Daniel Levy writes: Israeli democracy has come under a twin assault—the culmination of two long-term trends that appear to have reached a tipping point. And now, at the start of 2012, it is sadly unclear whether the democratic system in Israel will be robust enough to face down the threat (especially if Palestine remains under Israel’s nondemocratic tutelage).

The first part of that challenge to Israeli democracy relates to the ongoing friction between state and religion—the Jewish part of being a Jewish democratic state. Though never a majority in Israel, the orthodox and ultra-orthodox Haredim were granted a monopoly on all issues relating to personal status (marriage, divorce, burial, etc.); received exemptions from military service; and collected state funding for a separate school system and adult religious learning seminaries (such yeshivas further excused the Haredim from participation in the labor force).

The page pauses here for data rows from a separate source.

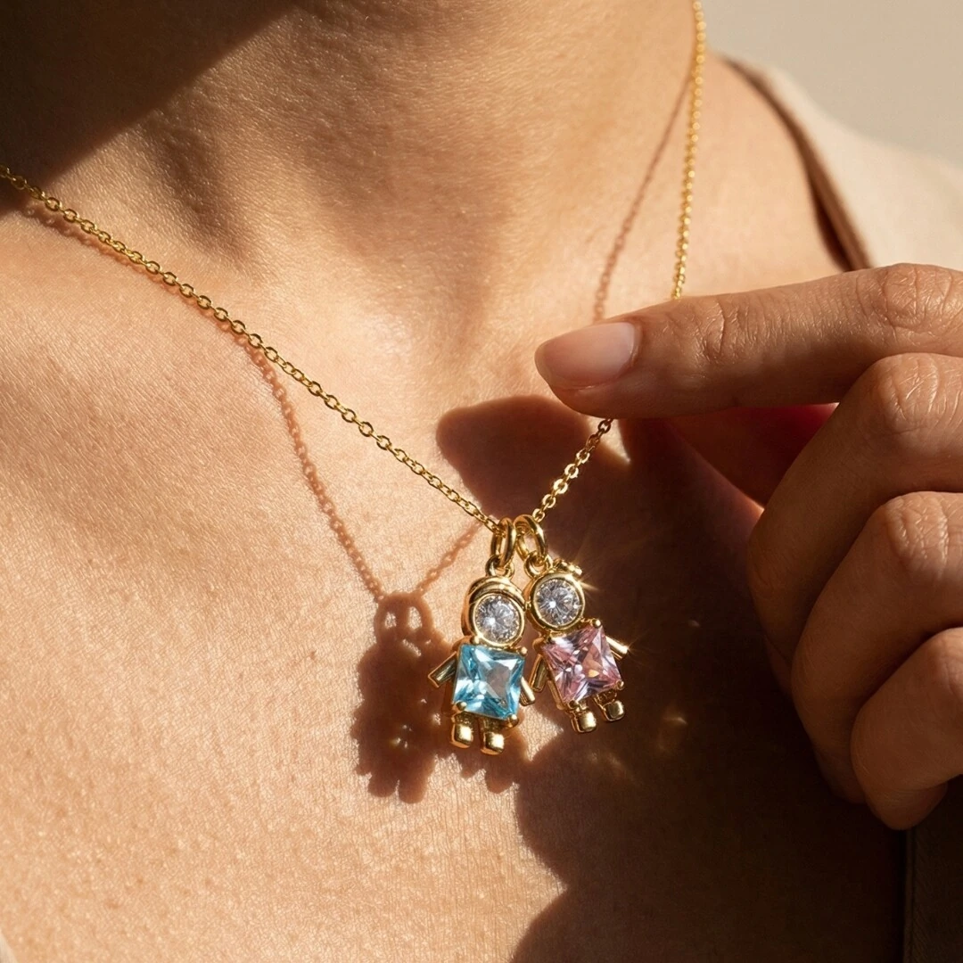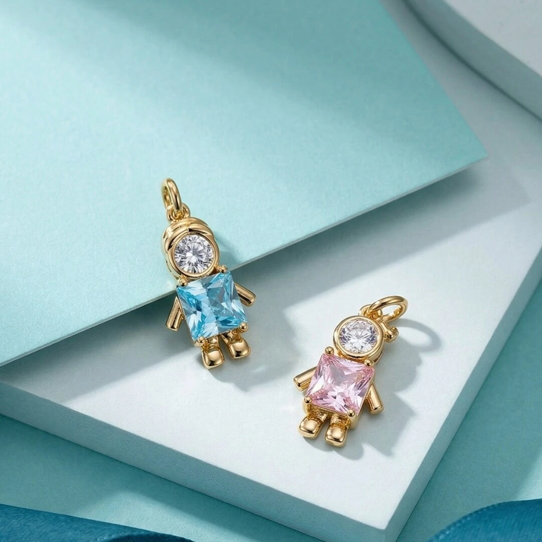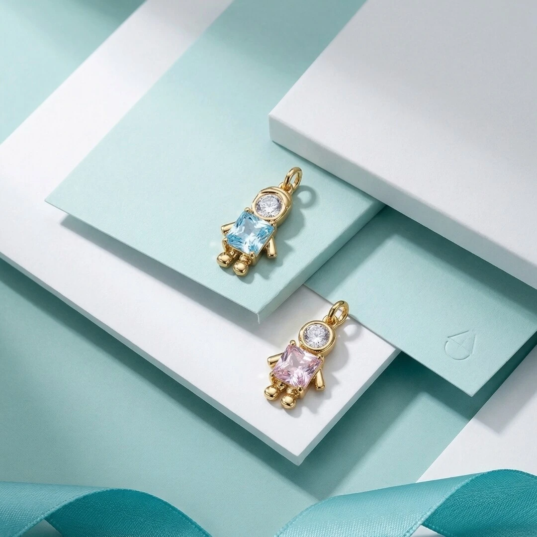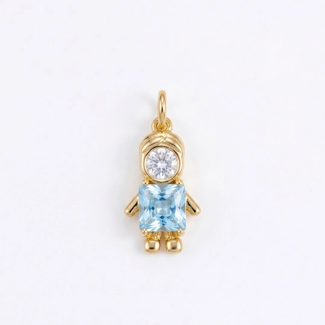 O Pingente Menino Zircônia Azul em Banho de Ouro 18k é uma peça cheia de afeto — o corpo em zircônia quadrada azul e a cabeça em zircônia redonda branca criam uma figura delicada e encantadora, perfeita para presentear filhos, afilhados, padrinhos ou para guardar um momento especial para sempre.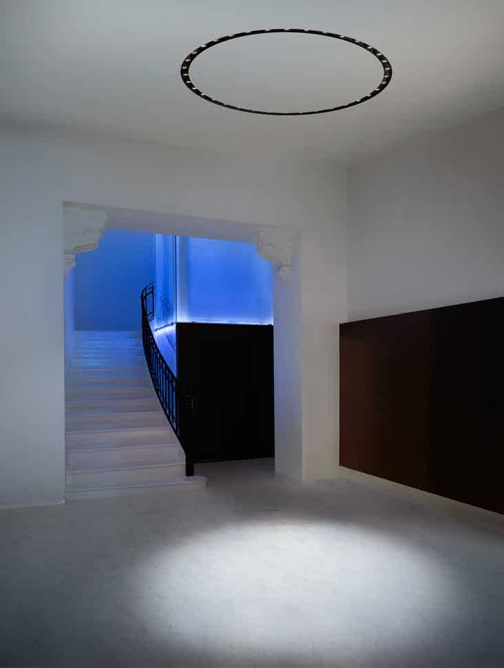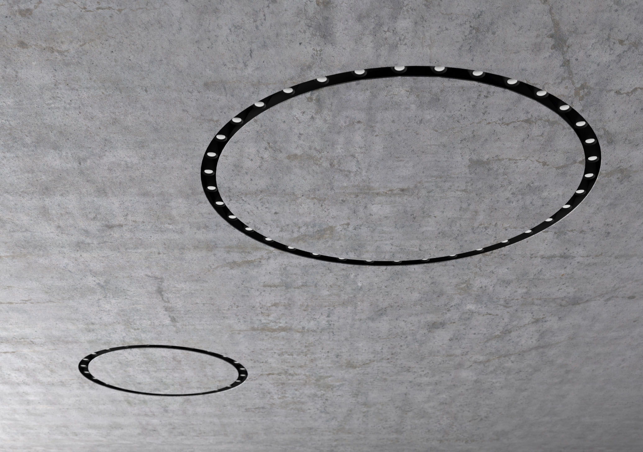 Family of circular ceiling-mounted recessed luminaires, which are totally integrated owing to Soft Architecture technology. The Circle of Light is comprised of an outer frame made with composite that houses a metal structure. This, in turn, acts as support for the latest generation LED spotlights. Its lenses optimise the luminous performance of the luminaire together with anti-glare cones that guarantee high visual comfort.
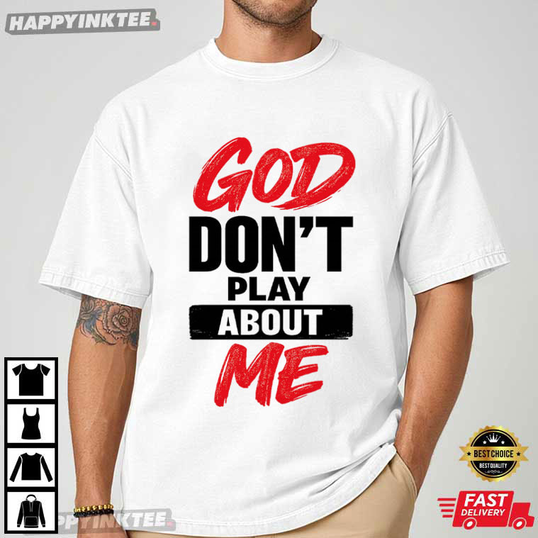 The God Don’t Play About Me Christian Faith Religious T-Shirt is a powerful declaration of belief, strength, and divine protection. With striking red and black typography on a clean white background, this design delivers its message with confidence and clarity— no explanation needed.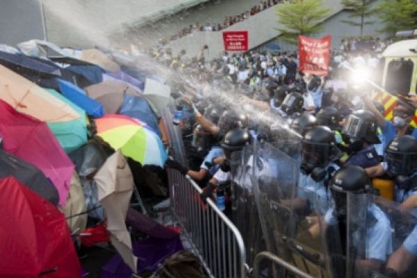 Массовые протесты в Гонконге все больше напоминают киевский Майдан: ночуют в палатках, возводят баррикады 2014-10-02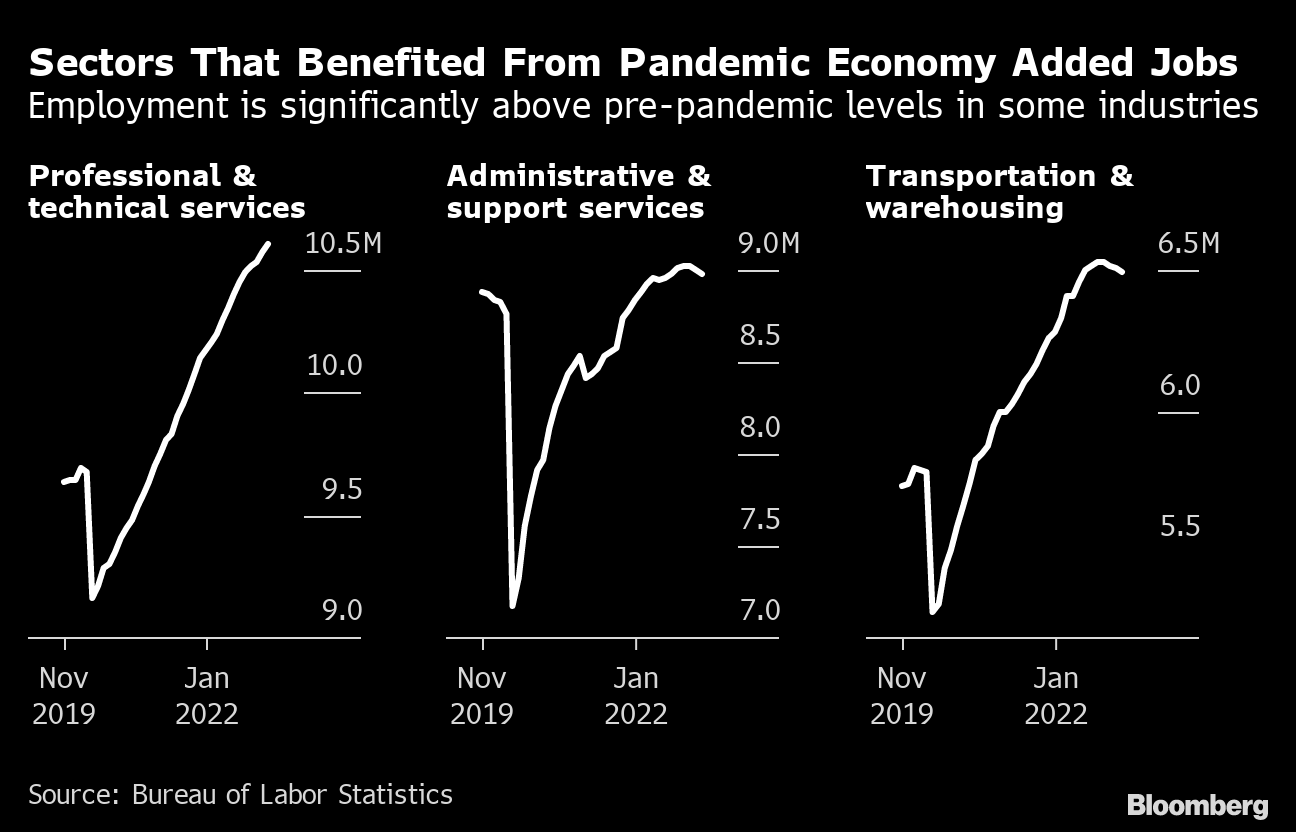 Those layoffs have started to roll over to administrative and support services. After recovering to pre-Covid staffing levels by the end of 2021 and setting a record in 2022, employment has now fallen for three straight months, the worst stretch since the onset of the pandemic.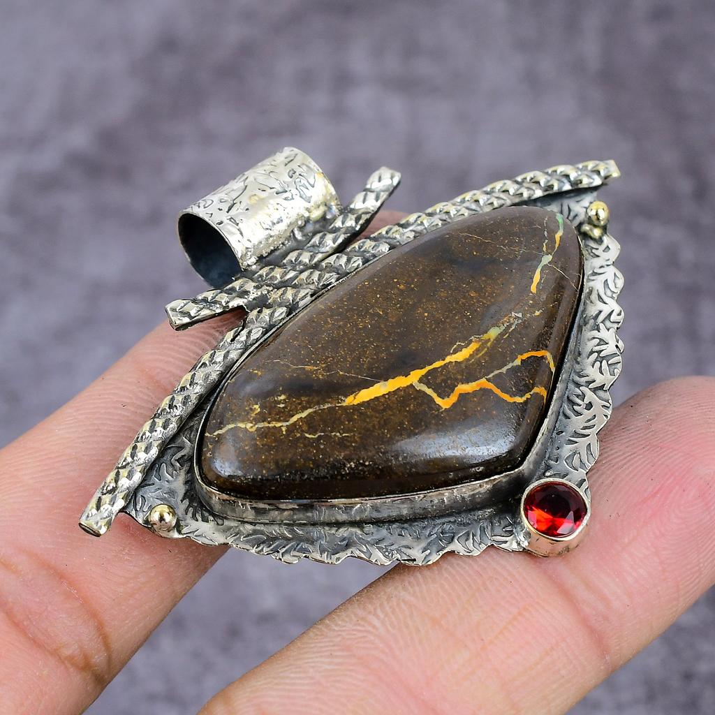 Natürlicher Boulder-Opal, Granat, handgefertigter Anhänger aus 925er Sterlingsilber, 5,5 cm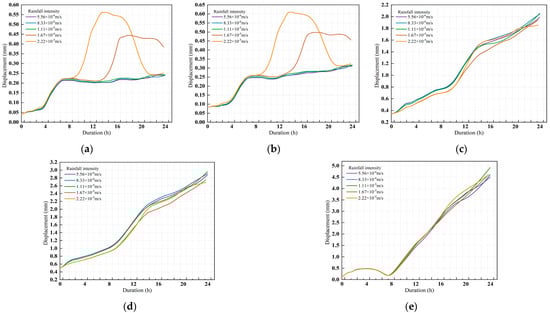 The change in the displacement of each monitoring point in different heavy rainfall intensity. Each monitoring point is (a) measuring point A, (b) measuring point B, (c) measuring point C, (d) measuring point D, (e) measuring point E.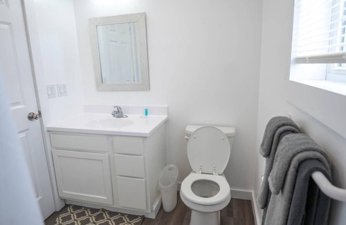 The kitchen has plenty of room for cooking and is fully-equipped with a sink, stove, oven refrigerator, microwave, coffee maker and toaster. Dishes, pots and pans, cutlery, and utensils are also provided. Towels, washcloths, soap, and shampoo are included in your stay.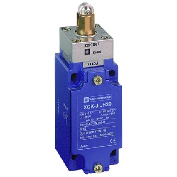 Schneider Electric XCKJ167H29. Übertragungstechnik: Verkabelt, Gehäusematerial: Zamak, Internationale Schutzart (IP-Code): IP66. Breite: 40 mm, Tiefe: 44 mm, Höhe: 77 mm

Over the years, high birthrates and communal cohesiveness increased Haredi clout, along with the group’s political appetite for legislating benefits for themselves and restrictions for others. The quid pro quo has seen an increasing strain placed on non-Haredi Israel, one that has too frequently spilled over into the politics of hate against the ultra-orthodox.

The Haredim still account for only about 10 percent of Israelis, but that belies the rapidly changing social demographics of the country: 25 percent of first-graders are Haredi and that ratio is increasing by 1 percent each year. There are new neighborhoods and towns (including the two fastest-growing settlements over the Green Line, Modin Illit and Beitar Illit) dedicated to Haredim. There is an assertive self-confidence, and occasional extremism, from elements of the Haredi community across a range of issues—from transportation on Sabbath to gender segregation on buses and streets in Haredi neighborhoods. The intercommunal clashes in the part-Haredi town of Bet Shemesh have dominated the headlines in Israel in recent days.

This is not the place to fully explore what is a complex issue, but suffice to say that the potential Haredi challenge to Israel democracy has no easy answer. It can, however, potentially be weathered. For the Haredim, the bottom line is more about preserving a communal way of life than about imposing a nondemocratic vision across all aspects of Israeli society.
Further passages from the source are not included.